Wanganui's large elderly population makes for an increasingly high workload for ambulance staff every winter, St John Wanganui territory manager John Stretton says.
He spent about five years in Nelson before coming to work in Wanganui and said summer was the busiest time there.
Nelson also had remote locations and a lot of helicopter work. Mr Stretton was glad to leave that behind.
"My days of hanging underneath a chopper on a strop and winching people up are over," he said.
Falls, chest pain, fainting, breathing problems, bleeding and convulsions are among the top 10 reasons ambulances are called.
In a Wanganui winter a lot of older people have pneumonia and flu and become generally unwell. Lack of heating, a lack of GPs and low incomes add to that.
Ambulance callouts are rising steadily every year, Mr Stretton said. "I think people are expecting more and more of the ambulance."
St John gets calls to earaches and toothaches, when it would be cheaper to call a taxi. Less common are road crashes, strokes, poisoning, suicide attempts, burns and bites.
About a quarter of the time ambulances are transferring patients. At weekends there are fewer callouts, but ambulances are often asked to other centres to cover while neighbouring ambulances are away.
"We have resources moving around all the time."
The average emergency callout takes just over an hour, and patient transfers average 75 minutes each.
Emergency calls go to one of three ambulance communications centres. Wanganui calls are handled in Wellington. Communication is critical for speed and efficiency. Ambulances are fitted with radios, global positioning systems (GPS) and also data terminals that can be read on the road. Ambulance officers carry radios and alert hospitals about patients' conditions before they arrive.

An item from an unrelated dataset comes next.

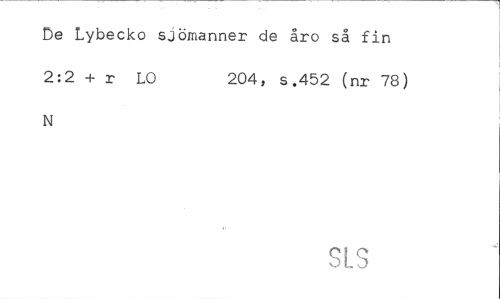 //// De Lybecko sjömanner de åro så fin 2:2 + r LO 204, s.452 (nr 78) //// N //// SLS ////

The aim is to arrive at calls within the city within eight minutes. A St John subcommittee is looking for a second ambulance centre in the central city or Wanganui East, to make sure that's possible.
"We struggle to do that, simply because Wanganui is such a spread-out city."
Paramedics can easily get stressed. They have to avoid fatigue - difficult in a night shift with 15 callouts. They're also in contact with powerful bugs. If they get sick they are not allowed back to work until they've had 48 hours without symptoms.
They work closely with the Fire Service. Firefighters have first aid training and fire engines carry defibrillators. Firefighters help St John staff at accidents, and with lifting heavy patients.
Police are also in close touch, and call ambulances when someone has overdosed, injured themselves or assaulted someone. They also help by making sure situations are safe for the medics.
Mr Stretton gave the example of a callout to a 16-year-old female who was short of breath.
"The call taker notices the noise of a party in the background, a party where there could be 50 people. In a case like that we would normally notify the police and get them to look first. The ambulance would stay at a safe forward point and not go in until it's declared safe."
Rescue helicopters also work alongside ambulance staff. Rest homes, GPs and Healthline often call ambulances.
Mr Stretton has had his share of tricky situations.
He was choppered to an Ansett Dash 8 aircraft crash in the Tararuas in 1995.
"There were 20-odd patients and two fatalities, lots of injuries and burns and it was a really, really cold morning up on top of the hills," he said.